Abstract
The 2024 Nobel Prizes in Chemistry and Physics mark a watershed moment in the convergence of artificial intelligence (AI) and molecular biology. This article explores how AI, particularly deep learning and neural networks, has revolutionized protein science through breakthroughs in structure prediction and computational design. It highlights the contributions of 2024 Nobel laureates John Hopfield, Geoffrey Hinton, David Baker, Demis Hassabis, and John Jumper, whose foundational work laid the groundwork for AI tools such as AlphaFold. These tools are transforming our understanding of protein folding, and the dynamics of non-globular proteins, including intrinsically disordered proteins. While AI-driven methods have made predicting protein structures faster and more accessible, they also underscore ongoing scientific challenges, including the dynamics of protein folding and amyloid aggregation. European initiatives, such as the COST Actions NGP-net (BM1405) and ML4NGP (CA21160), are spearheading efforts to bridge these gaps by integrating AI and experimental data in the study of non-globular proteins. Together, these developments signal a transformative shift in biology, paving the way for novel discoveries in medicine, biotechnology, and materials science.
Keywords: artificial intelligence, machine learning, non-globular proteins, deep learning, structural biology, bioinformatics, protein folding
Disclaimer
The views expressed in this article are those of the authors. Publication in Open Research Europe does not imply endorsement of the European Commission.
Artificial intelligence (AI) is revolutionizing biology, unlocking mysteries that defied previous understanding. The 2024 Nobel Prizes in Physics and Chemistry recognize this transformation, honoring researchers whose work has reshaped our understanding of biomolecules, including proteins, the molecular machines of life.
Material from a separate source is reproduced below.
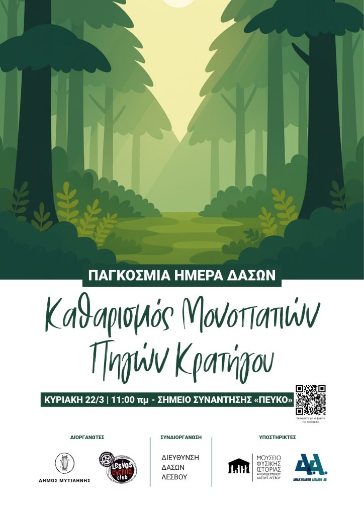 Η δράση διοργανώνεται με αφορμή την Παγκόσμια Ημέρα Δασών, που γιορτάζεται την προηγούμενη ημέρα, έχει ως σημείο συνάντησης την τοποθεσία «Πεύκο» (δείτε την τοποθεσία εδώ) στις 11:00 το πρωί και πραγματοποιείται με την υποστήριξη του Μουσείου Φυσικής Ιστορίας Απολιθωμένου Δάσους Λέσβου και της Ανακύκλωσης Αιγαίου.

From neural networks that decode complex biological data to AI-driven models capable of predicting protein structures with near-experimental accuracy, these breakthroughs are accelerating discoveries in medicine, biotechnology, and beyond. As we stand at the intersection of AI and molecular science, it is clear that we are witnessing the dawn of a new era in biology.
Nobel laureates pioneering New Frontiers in protein science
The 2024 Nobel Prizes in Physics and Chemistry reflect the growing impact of AI in revolutionizing biological sciences, particularly in the field of protein structure prediction and de novo computational protein design. John Hopfield and Geoffrey Hinton were awarded the 2024 Nobel Prize in Physics for their foundational contributions to artificial neural networks, while the Nobel Prize in Chemistry was awarded to David Baker for his innovations in computational protein design and to Demis Hassabis and John M. Jumper for the development of AlphaFold, an AI system that predicts protein structures with unprecedented accuracy.
The fundamental scientific contributions of these laureates have catalysed advances in machine learning, bioinformatics, and structural biology, opening new avenues for understanding the complex behaviour of proteins, including the fascinating class of non-globular proteins. Together, these achievements offer extraordinary promise for building better working hypotheses to design experiments that advance our broader understanding of biology at the molecular level with implications in medical research, biotechnology and material sciences.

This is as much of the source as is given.